* Materials provided
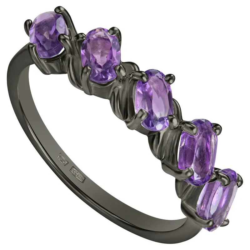 Серебряное кольцо с натуральным аметистом - коллекция Колосок, покрытие Черный Родий.
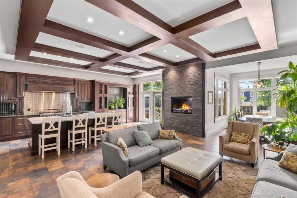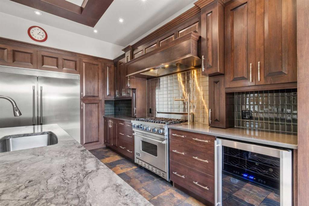 Welcome to custom built elegance in Winston Height-Mountview. Walk in the spacious front entry and be greeted by 20’ vaulted ceilings and a grand staircase with wrought iron spindles. Continue past the entry to a private office with French doors before entering the large open concept living space. A stone-facing fireplace is the focal point of the living room along with the 10’ on-site finished coffered wood-paneled ceiling. The large kitchen features a commanding 9’ island with breakfast bar, a 6-burner Viking gas range with pot-filler, huge refrigerator-freezer combo, wine fridge, and stunning on-site finished dark stained cabinetry. A bright dining room with views of the backyard completes this space. Also on this level is a two-piece powder room. The stairs to the upper level and the hardwood floors on the second level have just been refinished and are absolutely stunning. The upper floor has a huge primary retreat with separate sitting area, a stunning 5-piece bathroom with separate soaker tub, separate tiled shower with body spray package, dual sinks, and a large walk-in closet. Two other large bedrooms are also on this level along with a 5-piece main bathroom. The basement level was renovated by the current owners with over $170,000 of finishings featuring a radiant heated, polished concrete floor, large family room with custom built-ins and gas fireplace, a built-in study area with room for two, two more bedrooms, a 4-piece bathroom, and large storage room. There is also access from the basement to the garage via a separate stairway. The garage is double oversized with enough room for your vehicles and toys. The house is wired for sound and comes with a Russound system. The fully fenced backyard has a large patio, gas BBQ line, and green space. This home is built by a reputable Italian builder and the quality shows in what can be seen and what isn’t seen including double joists used to construct the sub-floor and solid core doors. Steps away from The Winston Golf Club, this home is close to schools, shopping and more and is within a short commute to the downtown core.
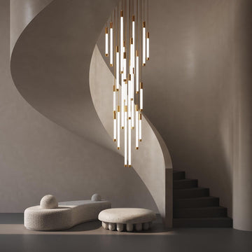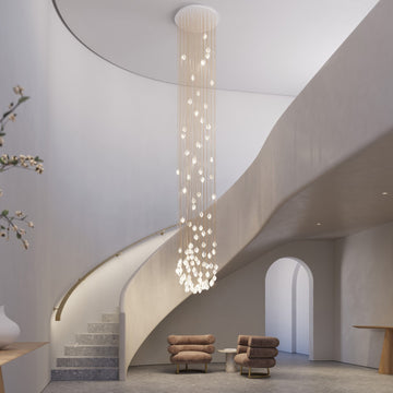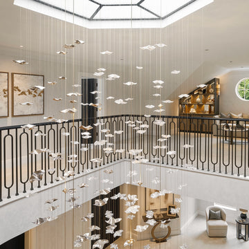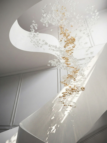 The client needed a statement piece for a grand high-ceiling stair void. The goal was to fill the massive vertical space without blocking the view, requiring a design that felt grandiose yet airy and elegant.
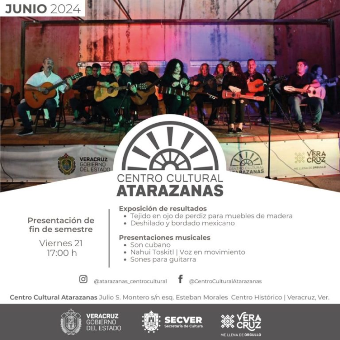 La Secretaría de Cultura de Veracruz, a través del Centro Cultural Atarazanas, invita a la presentación de fin de cursos que se realizará el viernes 21 de junio de 17:00 a 19:30 horas. La entrada es gratuita.
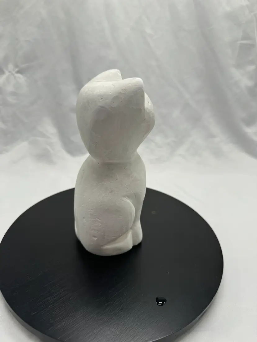 Vintage chalk carved cubist style cat sculpture. This is a super cute cat. He was carved very well. He is in good condition. No chips, no cracks, but there are some surface scratches, which is common with chalk sculptures. See pictures for measurements.
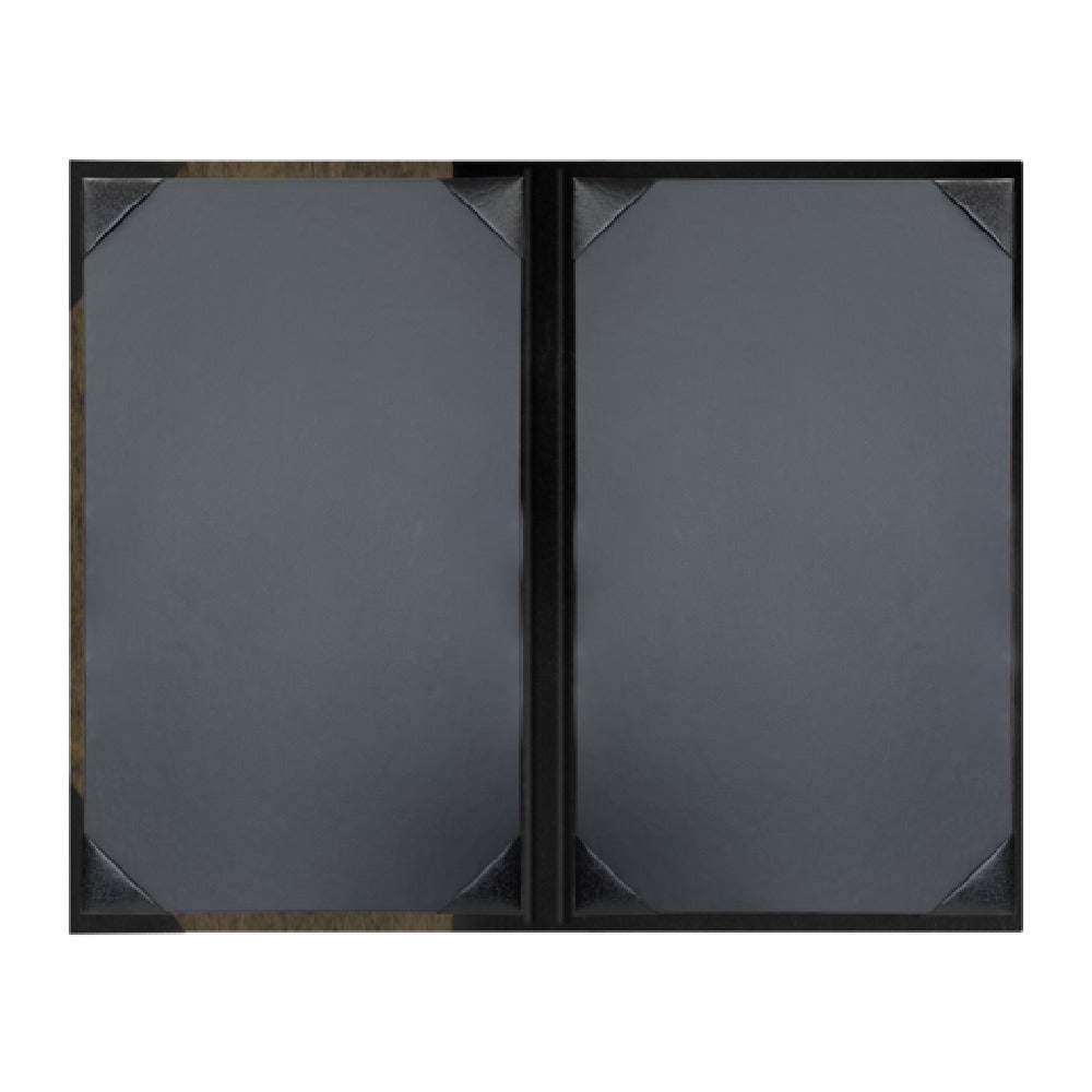 Risch, WOOD-2V 8.5X14, Authentic Wood Menu Cover (specify color), 8-1/2" x 14", double, 2 view, wood front panel, bonded tuxedo leather on spine, back, and right corners (specify color), black cards with black album style corner tabs to hold menu inserts, Made in USA (minimum order 25 each) (Packed By: 25 Each Per Case)
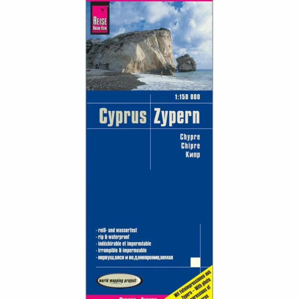 Hochreißfeste und 100% wasserfeste Landkarte „Zypern“ aus der Serie world mapping project, erschienen im Reise Know-How Verlag.Reise Know-How Landkarten zeichnen sich durch besonders stabiles Kunststoffpapier aus, das beschreibbar ist wie Papier, sogar mit Bleistift. Der Pappumschlag ist abnehmbar, so dass sich die Karte bequem in jede Tasche stecken lässt. Eine Schutzhülle ist nicht erforderlich. Die kartografische Darstellung konzentriert sich auf die wichtigsten Informationen für Reisende und ist besonders gut lesbar. Statt einer Schummerung werden farbige Höhenschichten verwendet.Ausstattung: – Höhenlinien mit Höhenangaben; – Farbige Höhenschichten; – Klassifiziertes Straßennetz mit Entfernungsangaben; – Sehenswürdigkeiten; – Ausführlicher Ortsindex; – GPS-genau; – Längen- und Breitengrade; – UTM-Gitter; – Türkische und griechische Ortsnamen in Nordzypern; – Griechische Schrift im Südteil; – Übersichtskarte; – Fünfsprachige Legende (deutsch, englisch, französisch, spanisch, russisch). Handliches Format: 70×100 cm, 2-seitig bedruckt.
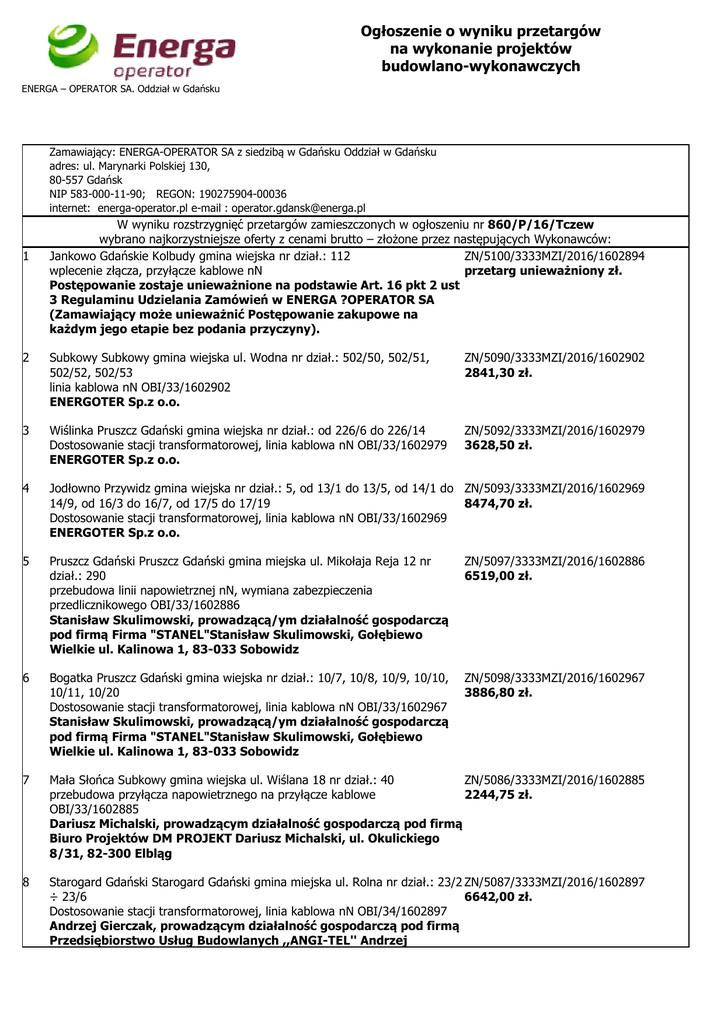 Ogłoszenie o wyniku przetargów na wykonanie projektów budowlano-wykonawczych ENERGA – OPERATOR SA. Oddział w Gdańsku Zamawiający: ENERGA-OPERATOR SA z siedzibą w Gdańsku Oddział w Gdańsku adres: ul. Marynarki Polskiej 130, 80-557 Gdańsk NIP 583-000-11-90; REGON: 190275904-00036 internet: energa-operator.pl e-mail : [email protected] 1 W wyniku rozstrzygnięć przetargów zamieszczonych w ogłoszeniu nr 860/P/16/Tczew wybrano najkorzystniejsze oferty z cenami brutto – złożone przez następujących Wykonawców: Jankowo Gdańskie Kolbudy gmina wiejska nr dział.: 112 ZN/5100/3333MZI/2016/1602894 wplecenie złącza, przyłącze kablowe nN przetarg unieważniony zł. Postępowanie zostaje unieważnione na podstawie Art. 16 pkt 2 ust 3 Regulaminu Udzielania Zamówień w ENERGA ?OPERATOR SA (Zamawiający może unieważnić Postępowanie zakupowe na każdym jego etapie bez podania przyczyny). 2 Subkowy Subkowy gmina wiejska ul. Wodna nr dział.: 502/50, 502/51, 502/52, 502/53 linia kablowa nN OBI/33/1602902 ENERGOTER Sp.z o.o. ZN/5090/3333MZI/2016/1602902 2841,30 zł. 3 Wiślinka Pruszcz Gdański gmina wiejska nr dział.: od 226/6 do 226/14 Dostosowanie stacji transformatorowej, linia kablowa nN OBI/33/1602979 ENERGOTER Sp.z o.o. ZN/5092/3333MZI/2016/1602979 3628,50 zł. 4 Jodłowno Przywidz gmina wiejska nr dział.: 5, od 13/1 do 13/5, od 14/1 do ZN/5093/3333MZI/2016/1602969 14/9, od 16/3 do 16/7, od 17/5 do 17/19 8474,70 zł. Dostosowanie stacji transformatorowej, linia kablowa nN OBI/33/1602969 ENERGOTER Sp.z o.o. 5 Pruszcz Gdański Pruszcz Gdański gmina miejska ul. Mikołaja Reja 12 nr dział.: 290 przebudowa linii napowietrznej nN, wymiana zabezpieczenia przedlicznikowego OBI/33/1602886 Stanisław Skulimowski, prowadzącą/ym działalność gospodarczą pod firmą Firma "STANEL"Stanisław Skulimowski, Gołębiewo Wielkie ul. Kalinowa 1, 83-033 Sobowidz ZN/5097/3333MZI/2016/1602886 6519,00 zł. 6 Bogatka Pruszcz Gdański gmina wiejska nr dział.: 10/7, 10/8, 10/9, 10/10, 10/11, 10/20 Dostosowanie stacji transformatorowej, linia kablowa nN OBI/33/1602967 Stanisław Skulimowski, prowadzącą/ym działalność gospodarczą pod firmą Firma "STANEL"Stanisław Skulimowski, Gołębiewo Wielkie ul. Kalinowa 1, 83-033 Sobowidz ZN/5098/3333MZI/2016/1602967 3886,80 zł. 7 Mała Słońca Subkowy gmina wiejska ul. Wiślana 18 nr dział.: 40 ZN/5086/3333MZI/2016/1602885 przebudowa przyłącza napowietrznego na przyłącze kablowe 2244,75 zł. OBI/33/1602885 Dariusz Michalski, prowadzącym działalność gospodarczą pod firmą Biuro Projektów DM PROJEKT Dariusz Michalski, ul. Okulickiego 8/31, 82-300 Elbląg 8 Starogard Gdański Starogard Gdański gmina miejska ul. Rolna nr dział.: 23/2 ZN/5087/3333MZI/2016/1602897 ÷ 23/6 6642,00 zł. Dostosowanie stacji transformatorowej, linia kablowa nN OBI/34/1602897 Andrzej Gierczak, prowadzącym działalność gospodarczą pod firmą Przedsiębiorstwo Usług Budowlanych ,,ANGI-TEL'' Andrzej Ogłoszenie o wyniku przetargów na wykonanie projektów budowlano-wykonawczych ENERGA – OPERATOR SA. Oddział w Gdańsku Gierczak, Osiedle Piastów 2/15, 83-200 Starogard Gdański 9 Kleszczewko Pszczółki gmina wiejska nr dział.: 42, 37/1, 37/2. Dostosowanie stacji transformatorowej, linia kablowa nN OBI/33/1602899 Stanisław Skulimowski, prowadzącą/ym działalność gospodarczą pod firmą Firma "STANEL"Stanisław Skulimowski, Gołębiewo Wielkie ul. Kalinowa 1, 83-033 Sobowidz ZN/5088/3333MZI/2016/1602899 3985,20 zł. Kleszczewko Pszczółki gmina wiejska nr dział.: 42, 37/1, 37/2. Dostosowanie stacji transformatorowej, linia kablowa nN OBI/33/1602899 null zł. ENERGOTER Sp.z o.o. Oferta zostaje odrzucona zgodnie z Art. 12 ust. 4 Regulaminu Udzielania Zamówień w ENERGA-OPERATOR SA. Zamawiający odrzuca ofertę, jeżeli jej treść nie odpowiada treści WZ lub zaproszenia. Wykonawca złożył dwie oferty do postępowania. Sporządził(a): Natalia Kosiła Gdańsk, dnia 02.11.2016 r. .............................................................. /podpis/
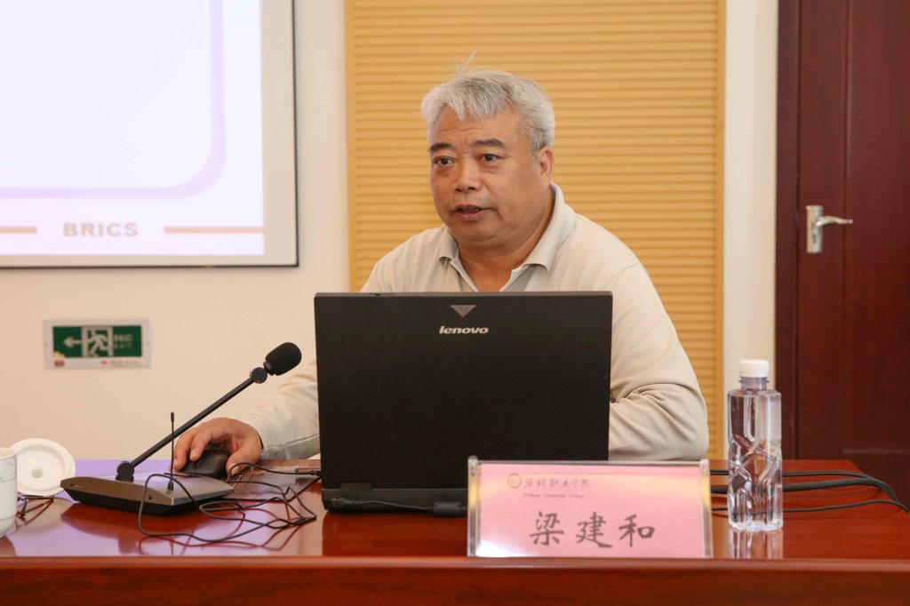6月5日-6月6日上午,2019“一带一路”暨金砖国家技能发展与技术创新大赛综合职业能力测试模块裁判员培训会在我院清泽楼312会议室召开。北京师范大学赵志群教授,一带一路暨金砖国家技能发展国际联盟副理事长、北京企学研教育科技研究院院长刘辉,一带一路暨金砖国家技能发展与技术创新大赛技术委员会副主任、广西机械工程学会副理事长梁建和教授,学院院长王家爱,副院长李瑞昌,教务处、机电工程学院主要负责同志及专家、裁判人员、教师、企业代表50余人参加了会议并进行了研讨。
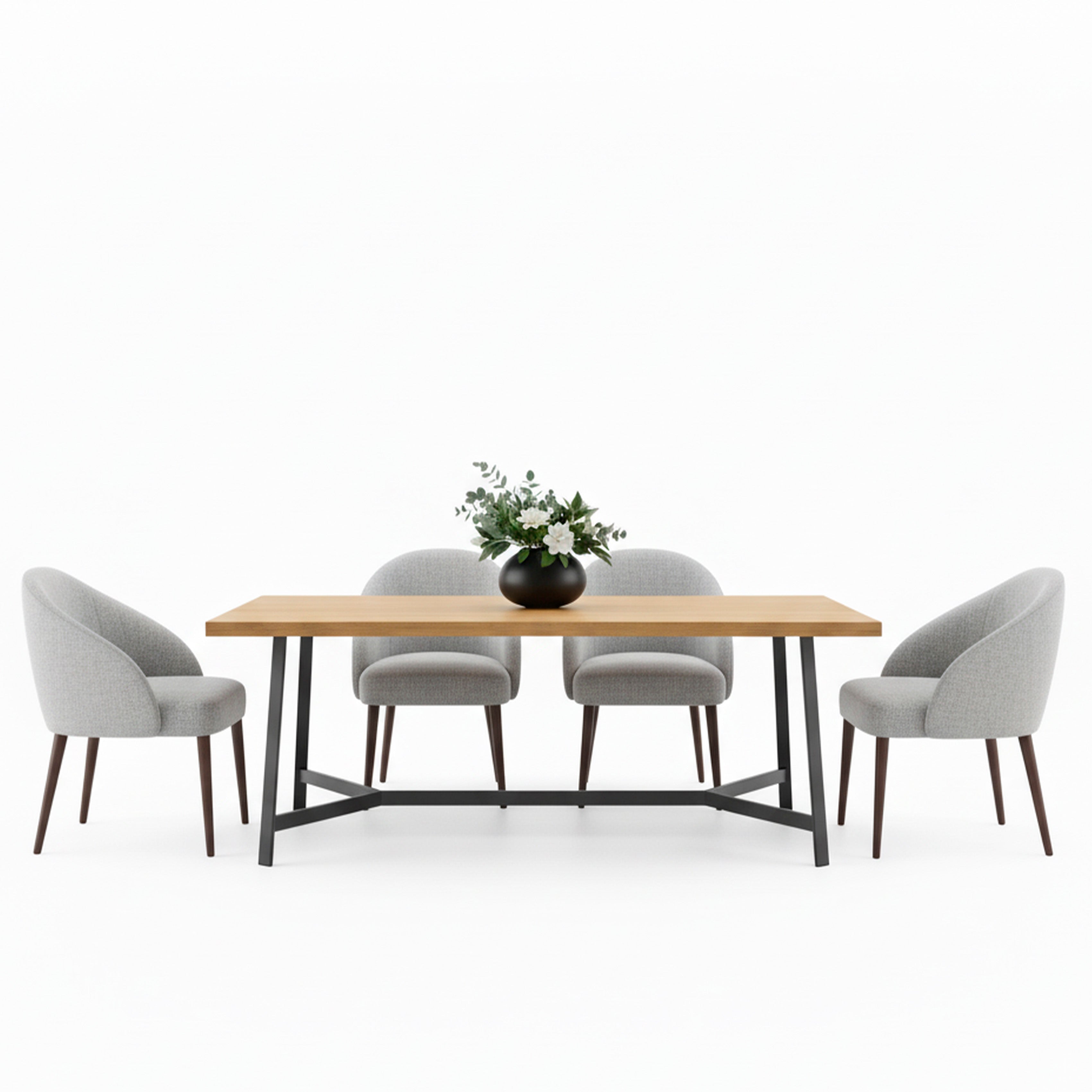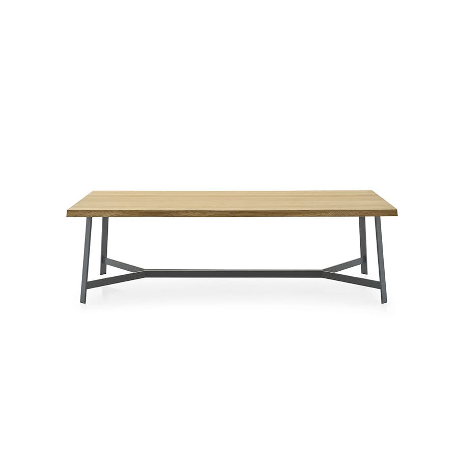 La mesa de comedor Zaccari S cuenta con una tapa de madera lustrada al poliuretano mate, lo que le proporciona un acabado elegante y duradero. La base está hecha de hierro con pintura epoxi, lo que le otorga una gran estabilidad y resistencia.

* Your objective
Each line above that falls between the line with "Vintage chalk carved" and the line with "Hochreißfeste und 100%" should be printed exactly, together with those two lines, but the pictures should not.

* Answer for this exercise
 Vintage chalk carved cubist style cat sculpture. This is a super cute cat. He was carved very well. He is in good condition. No chips, no cracks, but there are some surface scratches, which is common with chalk sculptures. See pictures for measurements.
 Risch, WOOD-2V 8.5X14, Authentic Wood Menu Cover (specify color), 8-1/2" x 14", double, 2 view, wood front panel, bonded tuxedo leather on spine, back, and right corners (specify color), black cards with black album style corner tabs to hold menu inserts, Made in USA (minimum order 25 each) (Packed By: 25 Each Per Case)
 Hochreißfeste und 100% wasserfeste Landkarte „Zypern“ aus der Serie world mapping project, erschienen im Reise Know-How Verlag.Reise Know-How Landkarten zeichnen sich durch besonders stabiles Kunststoffpapier aus, das beschreibbar ist wie Papier, sogar mit Bleistift. Der Pappumschlag ist abnehmbar, so dass sich die Karte bequem in jede Tasche stecken lässt. Eine Schutzhülle ist nicht erforderlich. Die kartografische Darstellung konzentriert sich auf die wichtigsten Informationen für Reisende und ist besonders gut lesbar. Statt einer Schummerung werden farbige Höhenschichten verwendet.Ausstattung: – Höhenlinien mit Höhenangaben; – Farbige Höhenschichten; – Klassifiziertes Straßennetz mit Entfernungsangaben; – Sehenswürdigkeiten; – Ausführlicher Ortsindex; – GPS-genau; – Längen- und Breitengrade; – UTM-Gitter; – Türkische und griechische Ortsnamen in Nordzypern; – Griechische Schrift im Südteil; – Übersichtskarte; – Fünfsprachige Legende (deutsch, englisch, französisch, spanisch, russisch). Handliches Format: 70×100 cm, 2-seitig bedruckt.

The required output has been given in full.